May 3, 2009
Today, Nepal has plunged into a fresh political crisis, after Prime Minister Prachanda fired Chief of Army General Katawal.
Deputy Prime Minister (and Home Minister) Bam Dev Gautam, Minister for Water Resources Bishnu Poudel, Minister for Local Development Ram Chandra Jha, Minister for Industry Asta Laxmi Shakya and Minister for Youth and Sports Gopal Shakya – all resigned from the cabinet after Prachanda’s announcement.
The CPN-UML party withdrew its support of the Maoist-led government.
Other cabinet members who boycotted the decision included the Madhesi People’s Rights’ Forum, Sadbhavana party and CPN-United. Said General Secretary of CPN-United, “Prachanda made the proposal despite opposition from other parties,” adding that the Maoist unilateral decision has thus isolated itself from the rest of the floundering government.

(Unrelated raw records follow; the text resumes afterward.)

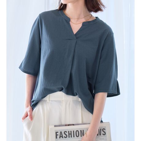大人っぽく装えるスキッパー衿のデザインブラウス。
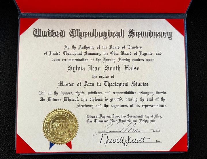 My mother’s Master’s degree diploma from the United Theological Seminary, 1986.
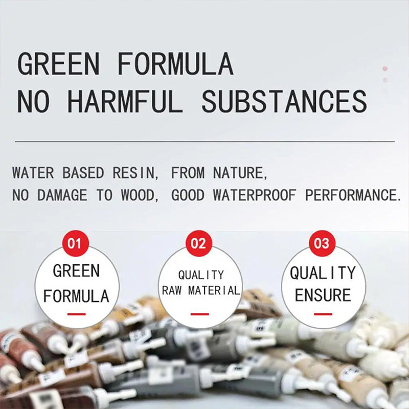 APLICACIÓN AMIGABLE: Proceso de aplicación simple lo hace accesible para usuarios de varios niveles de habilidad. Ideal para llenar y reparar huecos, grietas y arañazos en puertas de madera, muebles, escaleras, suelos e incluso para toques en artículos decorativos de cuero falso.
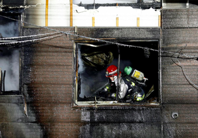 Penyiar umum NHK mengabarkan nyala api menelan bangunan bertingkat tiga yang dikelilingi tumpukan salju. Cuplikan udara dari Kamis pagi menunjukkan sisa-sisa bangunan rumah yang dihitamkan itu.
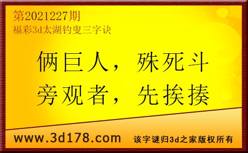 3d第21227期太湖字谜:俩巨人,殊死斗,旁观者,先挨揍
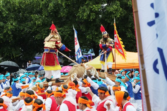 350명의 대규모 인원이 참여한 차전놀이 정기공연은 이번 축제의 하이라이트를 장식했다.
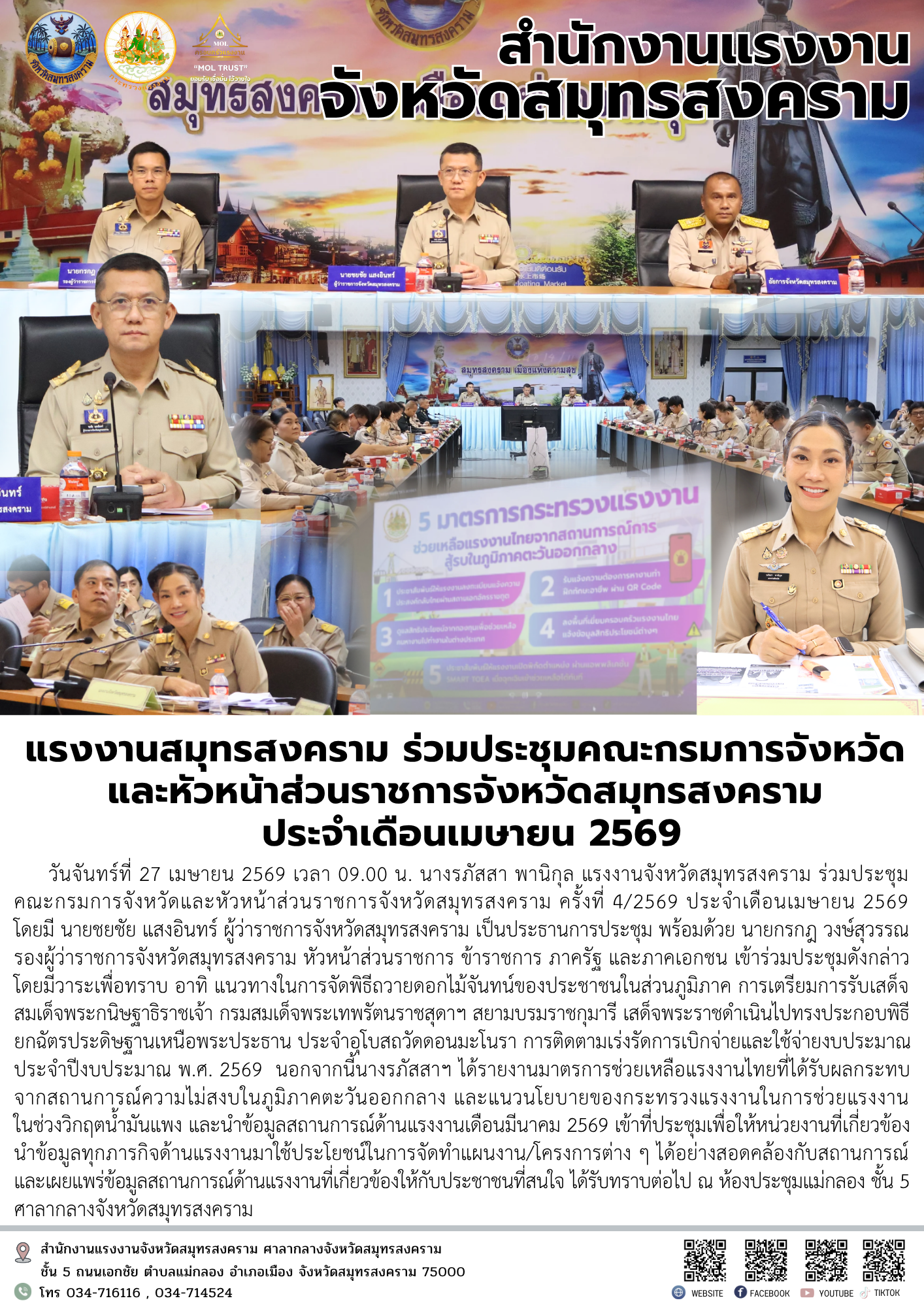 แรงงานสมุทรสงคราม ร่วมประชุมคณะกรมการจังหวัด และหัวหน้าส่วนราชการจังหวัดสมุทรสงคราม ประจำเดือนเมษายน 2569

As for General Katawal, he has remained consistently defiant and refused to accept Prachanda’s letter that ousted him, pointing out that the only person who has the authority to fire him is the President of Nepal, Ram Baran Yadav.
Meanwhile, President Yadav rejected the ouster in a letter written to Katawal, calling the Prime Minister’s move unconstitutional. The letter was delivered to Katawal's office late Sunday night and copies were also sent to Prime Minister Pushpa Kamal Dahal's residence. Yadav was the first person elected as president in Nepal, where a centuries-old monarchy was so recently abolished. The army is officially under the president's command, not the prime minister. Yadav is a member of the Nepali Congress, the main opposition party, which has vowed to fight the decision.
Prachanda’s decision came despite domestic and international calls against such a move, including from India, which had repeatedly conveyed its concern over the planned sacking of Katawal. Indian ambassador Rakesh Sood met Prachanda on 26 April for a fourth meeting in ten days. Obviously, those meetings left Prachanda unmoved.
Some political analysts are now characterizing the teetering Maoist government as on the verge of implosion.
This, however, did not stop thousands of demonstrators filling the streets of Kathmandu. Maoist youths waved red flags and rejoiced, declaring a “victory for people’s views”. Other student unions affiliated with the main opposition Nepali Congress paralyzed traffic, (particularly around university campuses), in protest of Prachanda’s “non-constitutional ousting” of Katawal.
The plot thickens as the Maoists flourish their one-party decision-making policy in a country already peeling away from their heavy-handed agenda. Lt.Gen. Kul Bahadur Khadka, the number two in the army and -- according to the Wall Street Journal -- “a confidant of Prachanda”, was named as acting Army chief to replace General Katawal.